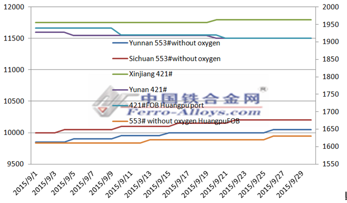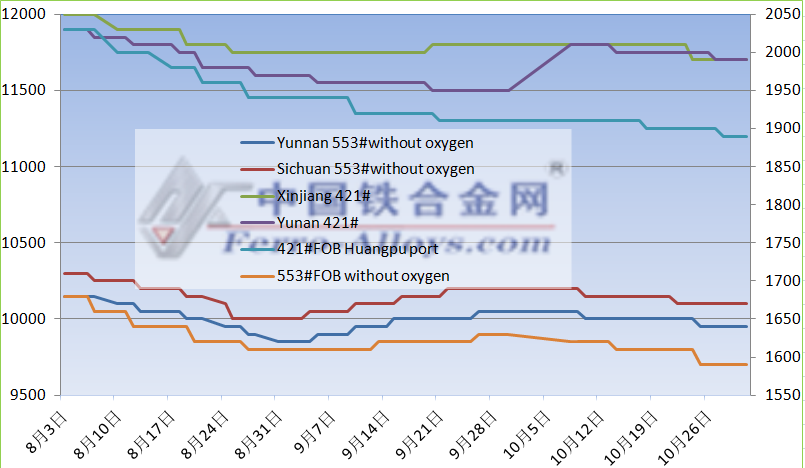 中国铁合金网讯:在“金九银十”之际,十月份金属硅在下旬价格走跌,冶金级、化学级金属硅价格均下跌近100元/吨左右,金属硅整体市场表现弱势运行,厂家维持老客户居多,整体成交不理想。本站分析以下原因: |
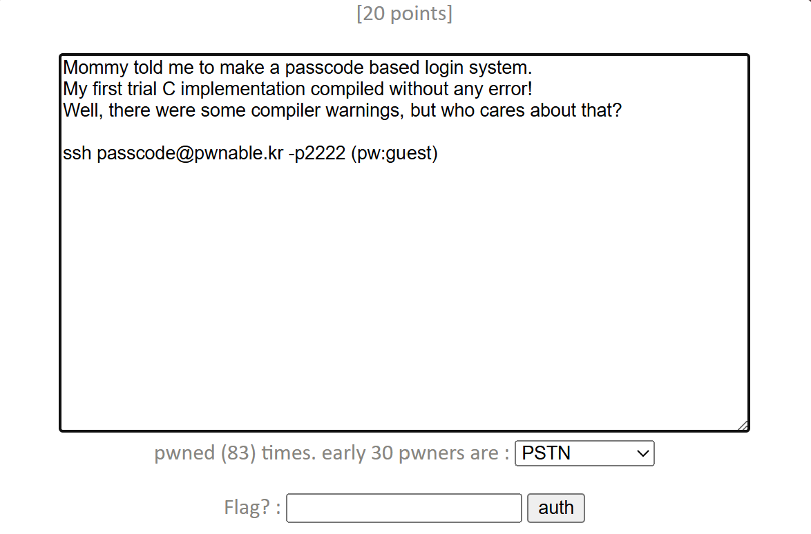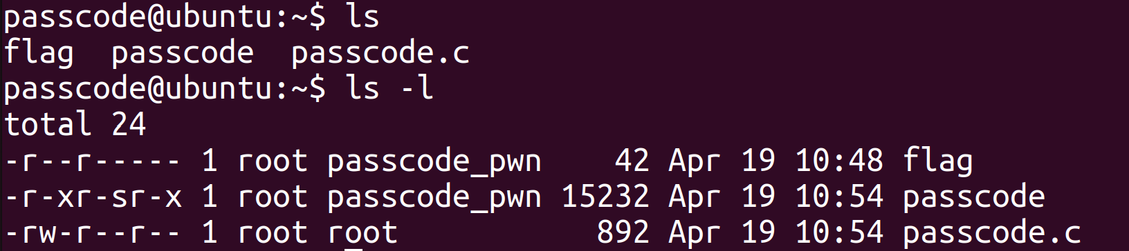(원래는 각 passcode의 주소에 scanf 값을 저장해야 함)
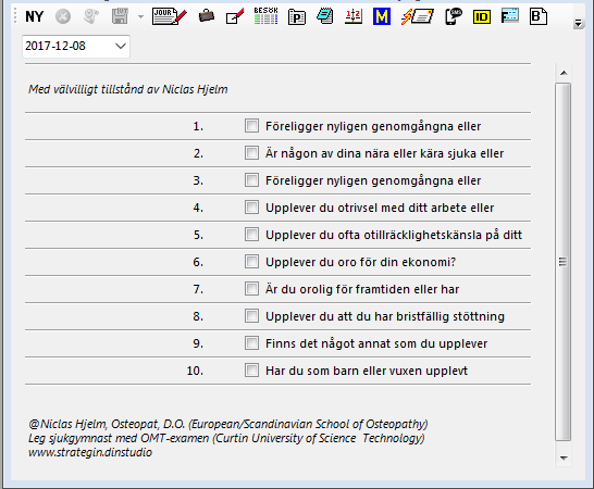 Efter kursen "Strategi för identifiering av patologi" tyckte jag detta var en viktig del i vår dagliga kontakt med patienter och fick också tillstånd av Niclas att använda hans frågeformulär i SG-X. Därmed får Ni alla del av dem.
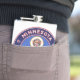 Insignia de Minnesota con bandera de Minnesota y bandera de los colores de Estados Unidos, forma redondeada. Emblema de Minnesota. Sello de Minnesota. Colección de Estados Unidos.
-----
ASSIGNED TASK: The listing must be returned in full and exactly, apart from its pictures.

SOLUTION FOR THIS PROBLEM:
 中国铁合金网讯:在“金九银十”之际,十月份金属硅在下旬价格走跌,冶金级、化学级金属硅价格均下跌近100元/吨左右,金属硅整体市场表现弱势运行,厂家维持老客户居多,整体成交不理想。本站分析以下原因: |
(원래는 각 passcode의 주소에 scanf 값을 저장해야 함)
 Efter kursen "Strategi för identifiering av patologi" tyckte jag detta var en viktig del i vår dagliga kontakt med patienter och fick också tillstånd av Niclas att använda hans frågeformulär i SG-X. Därmed får Ni alla del av dem.
 Insignia de Minnesota con bandera de Minnesota y bandera de los colores de Estados Unidos, forma redondeada. Emblema de Minnesota. Sello de Minnesota. Colección de Estados Unidos.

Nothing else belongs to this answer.